Sent from my SM-G781U using Tapatalk


----------



## Old_Hobo (Feb 20, 2014)

I use an old, or dedicated, soft toothbrush for that type of thing….go gently…..


----------



## traction fan (Oct 5, 2014)

vilefileman said:


> So , first time poster here. i have about 10 sets of these, haven't touched them for a long time, opened the boxes and 2 things happened.
> 1 - the cushion insert totally disintegrated
> 2 - very light cleaning/canned air got most of it off the caked engines, but there's residue on some of them.
> What can I use to replace those inserts (some type of foam cuttable insert?) and how do I clean the engine sides without damaging paint jobs?
> ...


 The inserts can be replaced with new foam rubber, cut to fit. I also recommend covering the new inset's foam with cloth, if you plan on keeping these locos stored for years. Small bubble wrap would also work. 

Using a clean cotton rag, or a soft-bristled tooth brush, clean them with plain water with a single drop of dish soap like Palmolive, or Dawn.
Do Not use alcohol, or any solvent-based cleaner. Your locomotives have alcohol-based factory paint jobs. Alcohol, or brake fluid are things used when the modeler WANTS to remove the paint.

Traction Fan


----------



## Wooky_Choo_Bacca (Nov 13, 2020)

What they said, I'd try a wet toothbrush GENTLY, or a damp cloth. Foam could easily be replaced with new foam or even a micro-fiber cloth cut to size


----------



## vette-kid (May 2, 2020)

Are you planning to run these, or sell them?

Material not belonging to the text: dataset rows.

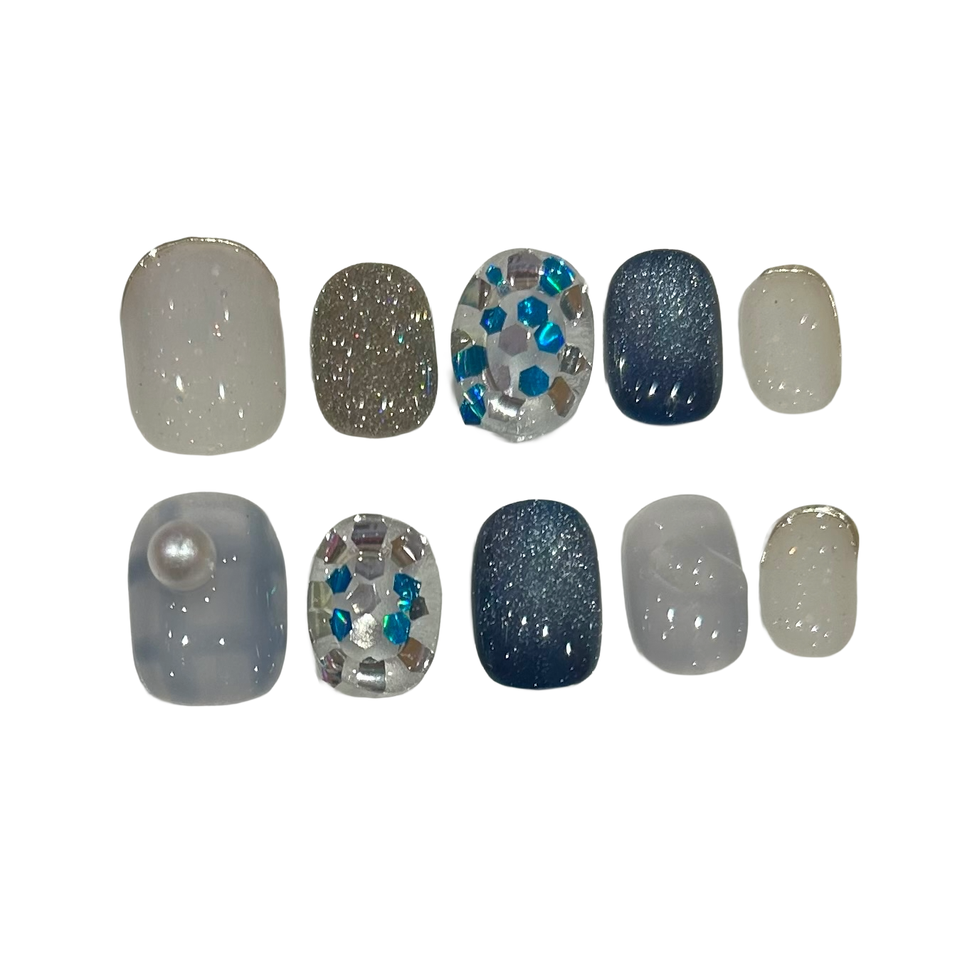 Colour: A blue, white and silver glitter and base, adorned with 3D acrylic encasing stunning glitter, as-well as a statement pearl charm.
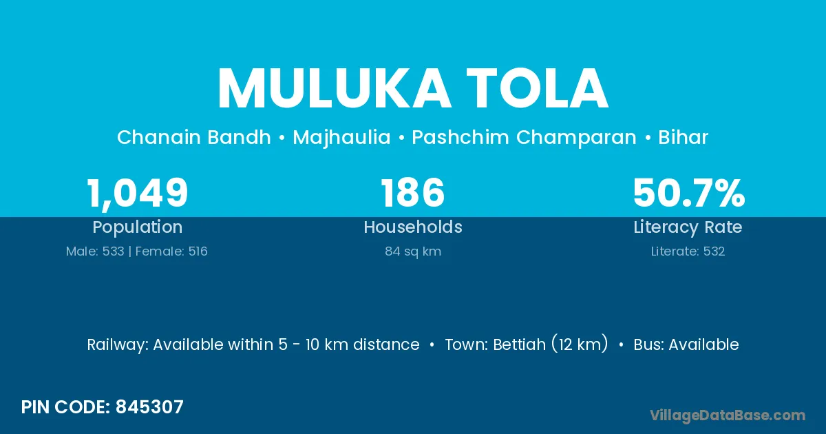 Bettiah (12 km) is the nearest town to Muluka Tola village for major economic activities and is located approximately 12 km away.
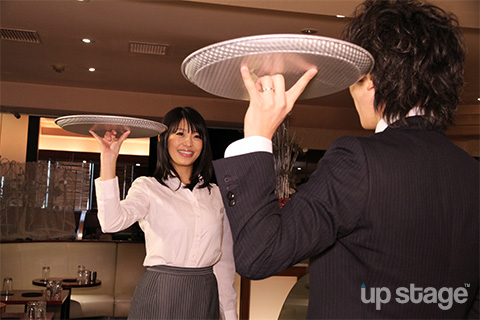 スタッフさんは余裕でスイスイ歩いていっちゃうし、慣れると2段重ねなんかも出来ちゃうんですよね。持ち方のコツは「手首を前に向けて、親指、人差し指、小指で支えること」ですって!
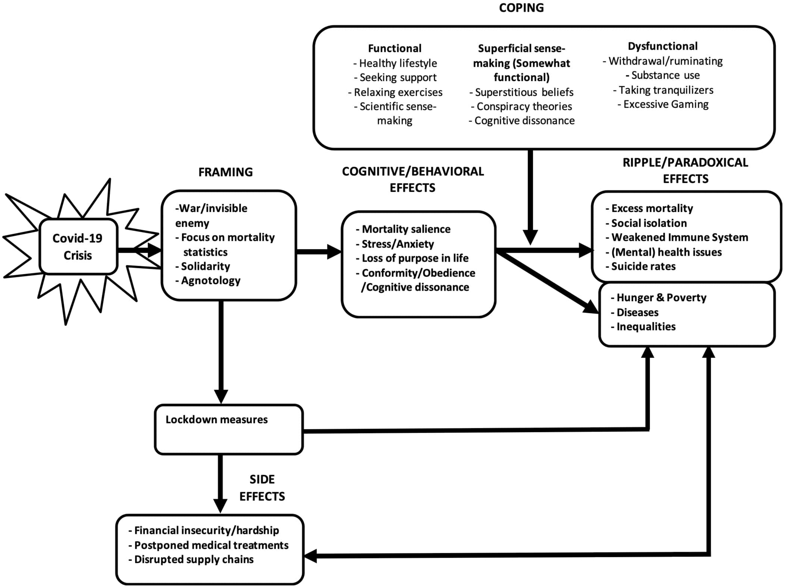 In the current review, I aim to elucidate mechanisms that explain the attitudes and behaviors of people in general as well as behavioral mechanisms in the current situation (See Figure 1). I will describe the processes through which the decisions for the lockdowns in many countries are internalized and upheld through a process of framing, social influence and superstition. I will focus on the effects that the lockdowns have on the general population, rather than on the effects on individual patients and caregivers, which I deem to be a special group but that has been given attention elsewhere (Lin et al., 2007; Lee et al., 2018; Kim et al., 2019). I will describe how the framing of the situation by political leaders and in the popular press influences mortality salience, and stress and anxiety, and in turn drives cognition and behavior (i.e., cognitive dissonance, conformity and obedience). Many of the lockdown measures however are paradoxically related to a weakened immune system, stemming from a loss of purpose in life, social isolation and related mental health issues, leading to outcomes such as excess mortality, increased suicide rates, and an increase in non-Covid related diseases (cf. Torales et al., 2020; Zhou et al., 2020). Since these effects are stronger for vulnerable groups, this will widen the existing inequalities (Holmes et al., 2020). I will give attention to this paradox that, as a society, we seem to be compromising the immune system and economic security of the majority of people in the lockdown situation. The effects will in part be moderated by the effectiveness of the coping styles used by individuals (See Figure 1). Due to space constraints, I will give a brief summary of each topic, and also briefly describe how they are related and influence each other. In this review, I do by no means try to be exhaustive, but will limit myself to the main drivers of human behaviors, and the expected consequences. The model may act as recommendation for future research, as the model, although based on prior research, has not been tested yet. Since other researchers already suggested policy considerations in order to help decision-makers prevent the most horrifying scenario such as a scenario of excess mortality from extreme hunger and famine (e.g., Hevia and Pablo Andrés, 2020; Schippers and Martins Van Jaarsveld, 2020; Zetzsche, 2020), I will not repeat that here. Below. I start with the explaining that the way the situations is framed result I adherence to lockdown measures. Following I explain the right side of the model, the results and negative side effects, before discussing the remainder of the model (See Figure 1 and Table 1, supplementary material). I will end with recommendations for interventions that may be used to mitigate the negative effects of the lockdown on the general population.
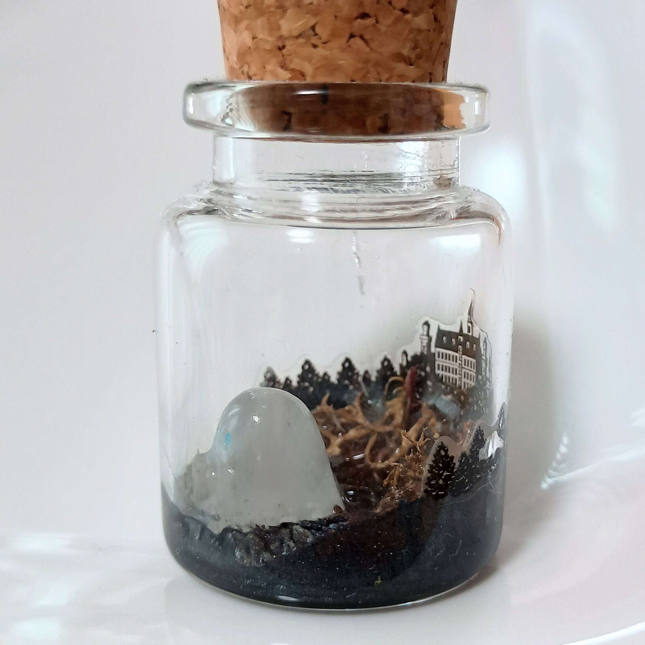 底直径約3cm、高さ(コルク蓋含まず)約3.8cmの小瓶に、一体一体違うゴーストを閉じ込めました。 こちらは 暗い森の洋館・ジェラルド です。 割れないように梱包してお送りします。お部屋にひっそりいかがでしょうか。
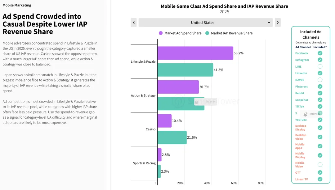Casino 则相反:广告投入占比不高,但 IAP 收入占比明显更高,说明变现效率更强;
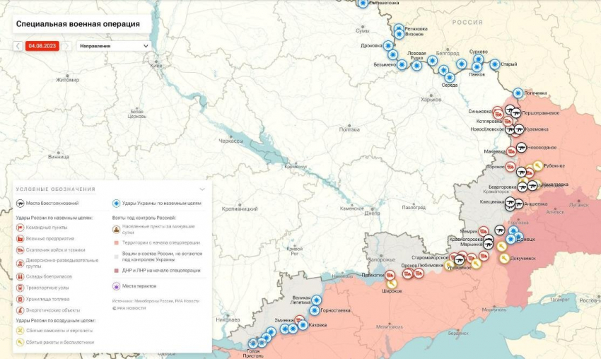Карта боевых действий на Украине: актуальные сведения от 04.08.2023
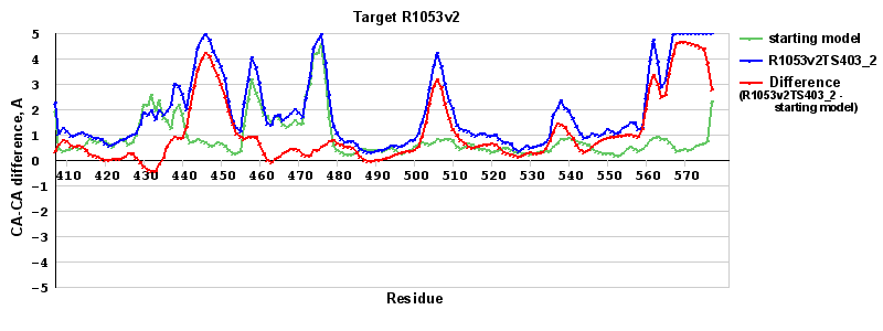 | Red line = (blue line) - (green thick line): difference between the corresponding Refined Model-Target and Starting Model-Target CA-CA distances (see above). Negative values show regions where the reifned model has better fit to the target than the starting model, i.e. areas of potential improvement. |

Sent from my SM-G781U using Tapatalk


----------



## vilefileman (Jul 24, 2021)

They have all been run and tested. i just want to store them better, and clean the 3 or 4 that had the disintegrated packing stuck on them. i tried dabbing some windex, didnt work, its almost tacky/sticky what is on them. I did build temp box inserts. see pics. moving on to toothbrush (7 kids, must have one old one!) Thank you all


----------



## vilefileman (Jul 24, 2021)

Why would I sell them? I am a collector. Probably one of the largest you have never heard of! 😁
Actually, 11 years ago Paul Graff and Fred Hoxsie were doing an article on me for collector spotlight in the nscalecollector when life took a turn and I had to drop out.


----------



## vette-kid (May 2, 2020)

vilefileman said:


> Why would I sell them? I am a collector. Probably one of the largest you have never heard of!
> Actually, 11 years ago Paul Graff and Fred Hoxsie were doing an article on me for collector spotlight in the nscalecollector when life took a turn and I had to drop out.

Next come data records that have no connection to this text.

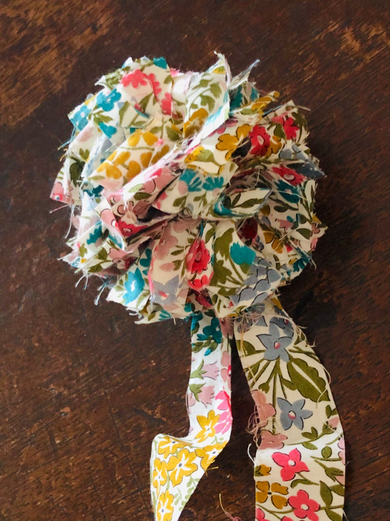 リバティ生地10cmで作る「ポンポンコサージュ」
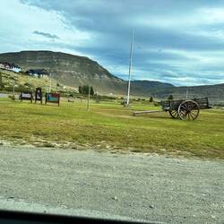 Wir kommen in ein Tal, wo überall Pappeln gepflanzt sind, teils in Doppelreihen, dazwischen noch Weiden. Die Bäume schützen die Felder, es gibt auch Bewässerungsgräben. Der Ort heisst Gobernador Gregores, wo eine Taqsa (Busunternehmen) Örtlichkeit ist. Aber man darf da nicht aussteigen! Dann geht es zu einer Tankstelle, wo man etwas kaufen kann.
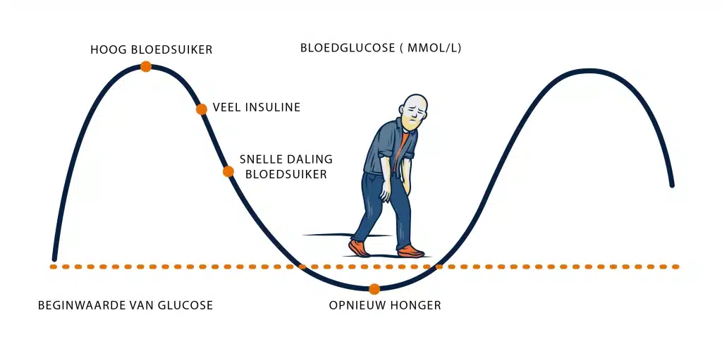 Na het eten stijgt je bloedsuikerspiegel. In reactie op deze hoge bloedsuikerspiegel maak je veel insuline aan en daalt je bloedsuikerspiegel weer. Het moment dat je bloedsuikerspiegel op een dieptepunt komt, heb je weer trek en ga je weer eten.

Because you like to share!? 

Sent from my SM-G781U using Tapatalk


----------



## BigEd (Oct 28, 2014)

vilefileman said:


> Why would I sell them? I am a collector. Probably one of the largest you have never heard of! 😁
> ...


Great! I should show my wife this post as she always accuses me of this. I only have 339 locomotives and 2431 pieces of rolling stock...


----------